- _Problem requirements_: Give again, word for word, every line below from the one that has "montering under bordpladen." through the one that has "Results of 1", both included, and no others.
── Source records
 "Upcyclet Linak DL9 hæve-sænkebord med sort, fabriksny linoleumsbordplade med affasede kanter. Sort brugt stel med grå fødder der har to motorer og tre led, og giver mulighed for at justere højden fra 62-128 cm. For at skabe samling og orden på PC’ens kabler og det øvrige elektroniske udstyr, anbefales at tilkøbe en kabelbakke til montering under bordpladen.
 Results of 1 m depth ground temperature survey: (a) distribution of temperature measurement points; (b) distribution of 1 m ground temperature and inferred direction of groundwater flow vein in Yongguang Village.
────
── Source records
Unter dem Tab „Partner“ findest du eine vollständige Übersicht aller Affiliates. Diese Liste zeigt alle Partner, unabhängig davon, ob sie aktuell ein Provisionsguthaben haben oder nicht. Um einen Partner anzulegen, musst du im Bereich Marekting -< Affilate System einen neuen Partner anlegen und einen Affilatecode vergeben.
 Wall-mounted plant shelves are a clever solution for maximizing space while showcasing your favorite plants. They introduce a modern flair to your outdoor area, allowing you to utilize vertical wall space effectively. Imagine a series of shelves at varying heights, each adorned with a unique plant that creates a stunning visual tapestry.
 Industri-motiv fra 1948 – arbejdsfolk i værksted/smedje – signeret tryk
────
- _Answer space_:
 "Upcyclet Linak DL9 hæve-sænkebord med sort, fabriksny linoleumsbordplade med affasede kanter. Sort brugt stel med grå fødder der har to motorer og tre led, og giver mulighed for at justere højden fra 62-128 cm. For at skabe samling og orden på PC’ens kabler og det øvrige elektroniske udstyr, anbefales at tilkøbe en kabelbakke til montering under bordpladen.
 Results of 1 m depth ground temperature survey: (a) distribution of temperature measurement points; (b) distribution of 1 m ground temperature and inferred direction of groundwater flow vein in Yongguang Village.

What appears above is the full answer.